La situación cambió hacia 552 d. C., cuando, según la Historia de las guerras de Procopio (libro VIII, capítulo xvii), dos monjes —casi con certeza cristianos nestorianos familiarizados con Asia Central— se presentaron ante el emperador Justiniano y propusieron contrabandear huevos de gusano de seda desde «Serinda» (la cuenca del Tarim o algún punto aún más al este) hasta Constantinopla, en bastones de caminar ahuecados, para romper el monopolio persa 14. El contrabando, si puede creerse a Procopio, tuvo éxito. Hacia finales del siglo VI los talleres bizantinos tejían su propia seda. Pero los telares bizantinos habían estado entrenándose con importaciones de patrón iranio durante dos siglos. Los patrones llegaron con la técnica.

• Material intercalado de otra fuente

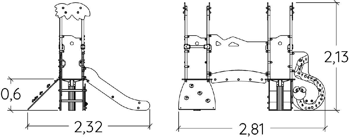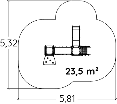 Le dimensioni del prodotto sono: 2,81 m di lunghezza, 2,32 m di larghezza, 2,13 m di altezza. L'altezza di caduta libera massima (HCL) è di 1,00 m.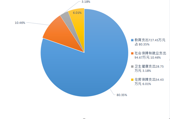 2023年度一般公共预算财政拨款支出905.3万元,主要用于以下方面:教育支出727.45万元,占80.35%;;社会保障和就业支出94.67万元,占10.46%;卫生健康支出28.75万元,占3.18%;住房保障支出54.43万元,占6.01%。

Mecanismo tres: guerra y botín

Entre 502 y 628 los dos imperios libraron una serie de grandes guerras cuyo resultado fue, repetidamente, la transferencia de grandes cuerpos de material de lujo de un lado a otro. Los sasánidas saquearon Antioquía en 540 d. C. bajo Cosroes I y deportaron a decenas de miles de sus habitantes, incluidos sus tejedores de seda, a una nueva ciudad llamada Weh-Antiok-Khosrow — «Mejor-Antioquía-de-Cosroes»— construida específicamente para ellos cerca de Ctesifonte 15. Los tejedores antioquenos deportados continuaron trabajando en Irán durante dos generaciones más; lo que produjeron se ha perdido, pero la transferencia tecnológica fue deliberada y organizada por el Estado, y la polinización cruzada de las prácticas romana e iraní de la seda en el taller deportado forma parte de la precondición para la posterior transmisión de motivos.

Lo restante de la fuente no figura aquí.